After falling pregnant with her baby girl aged 20, Ms Reeve cut down her drinking and drug-taking, but when a relationship ended three years later, she slipped back into the cycle.

‘It all crept back in and it was time to go back out partying,’ she said.

She went on to have two sons but the emotional toll of her addiction was growing.

‘When I had my second child, I had to hide it a lot more but I don’t think I was doing the best job,’ she said.

‘Towards 2013 and 2014, I was getting paranoid, hearing things, thinking people were watching me all the time.

‘Eventually, I decided I wanted a better life for my children, so I moved away from London to get away from it all and I did but it crept back in.

‘I found life quite depressing and scary and the only way I knew how to change that was through drink and drugs.’

The addiction cost her anywhere between £20 and £200 a day – and she suspects she could have bought a house with the money she spent on drugs over the years.

She continued: ‘I never lost my kids or my house or any of that stuff but I lost my sanity, my dignity, my self-worth.

‘My health was really bad.

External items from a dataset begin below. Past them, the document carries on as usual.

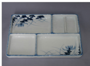
473 72-200106 在庫22 菊絵弁当皿 ¥1,980 27.5×20×2.5cm
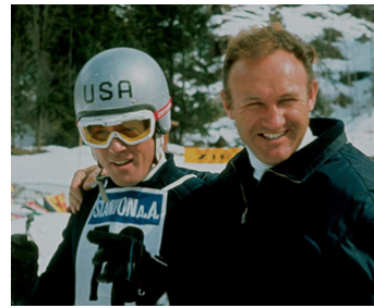
1968 LA DESCENTE INFERNALE (Downhill Racer) de Michael Ritchie avec Robert Redford
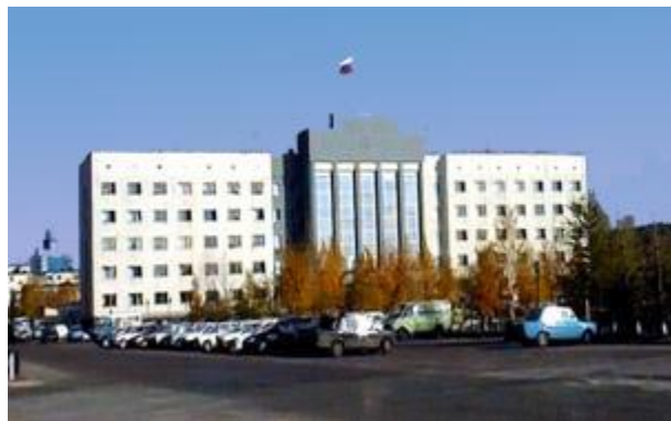
Здание Администрации города

I remember one time looking in the mirror and my face had gone grey and my lips were blue from sniffing.

‘I still went back and did another one.’

Ms Reeve painstakingly held down jobs as an estate agent and barmaid throughout the darkest depths of her addiction.

‘I used to think ‘why don’t people like me’ but then I was turning up hungover and on no sleep,’ she said.

‘Jobs would fizzle out but I always had a job.

‘One would end and I would go for the next one.’

After so many years of constant drinking and drug-taking, plus many ‘rock bottom’ moments, one ‘moment of clarity’ in her garden three years ago drove Ms Reeve to change.

She said: ‘One day, I was sitting in the garden smoking a joint and I literally can’t describe what happened.

‘I was enlightened and I thought “you’re going to kill yourself and this is your opportunity to turn this around”.

‘To be honest, I had wanted to stop for years but I was so scared that if I asked for help I’d lose my children.

‘All I ever wanted to be was a good mum so the thought of losing my kids was awful for them just as much as me.

‘I’m grateful I didn’t lose my children but I’m even more grateful they didn’t lose me.’

Walking into a recovery group meeting was a scary moment – but she has never looked back since.

She said: ‘A couple of days after that moment, I walked in all dressed up (to the meeting) because I wanted to look like I wasn’t that bad.

‘And I said ‘I’m Ms Reeve and I’m an addict’ and I surprised myself.

‘I couldn’t believe that these people had done what I was doing and they were OK and they were happy.’

In the years since, she has shared her journey on social media, and started training to become a therapist and supports other recovering addicts through a 12-step fellowship.

‘Recovery has given me freedom’, she said.

‘I don’t have a big house or fancy cars but I have peace.

‘I have a brilliant relationship with my children.

‘If I can help another woman and her children not to go through what some other children have to go through, then me sharing my story is worth it.’

She added: ‘I used to look at my kids every day and break inside but they were the reason I kept going.’